Inilah sebagian dari bentuk-bentuk lemahnya alignment dari directorship. Tanaman tidak mampu menghasilkan panen sesuai potensinya, karena biaya pemupukan dan perawatan ditekan habis-habisan demi meraih kinerja keuangan jangka pendek. Kapasitas produksi tidak dapat ditingkatkan, karena dana untuk investasi tidak hendak dikucurkan. Peluang pasar tidak dapat diraih karena promosi dan R&D dianggap beban semata. SDM dikotak-kotakkan kedalam kelompok yang penting dan yang kurang penting. Citra perusahaan hancur karena CSR dan kehumasan dianggap sebagai aksesoris yang “yang penting ada”.

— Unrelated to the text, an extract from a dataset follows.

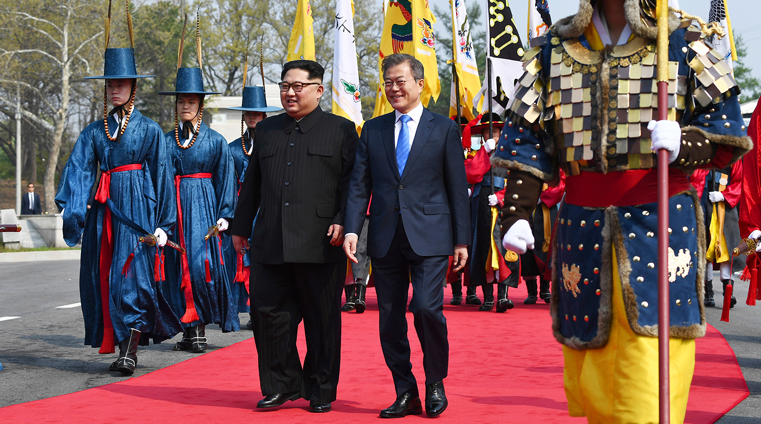 Ким Чен Ын стал первым северокорейским лидером, пересекшим южную границу КНДР с окончания войны в 1953 году. 27 апреля в деревне Пханмунджом, расположенной в демилитаризованной зоне, он ведет переговоры с президентом Южной Кореи Мун Чжэ Ином. Это первая встреча между руководителями двух Корей, которая проходит на территории Южной Кореи. Предыдущие встречи между главами двух Корей в 2000-м и 2007-м году проходили на территории Севера, и ни к каким результатам не привели.

Directorship telah kehilangan salah satu ruh penting dari leadershipnya, yaitu kolektivitas. Kebersamaan. Ketika setiap anggota board melihat dengan cara pandang yang berbeda. Berfikir dengan logika yang berbeda. Mengambil keputusan dengan pertimbangan kepentingan yang berbeda. Directorship yang mengabaikan kepercayaan (trust) dari seluruh anggota organisasi yang dipimpinnya.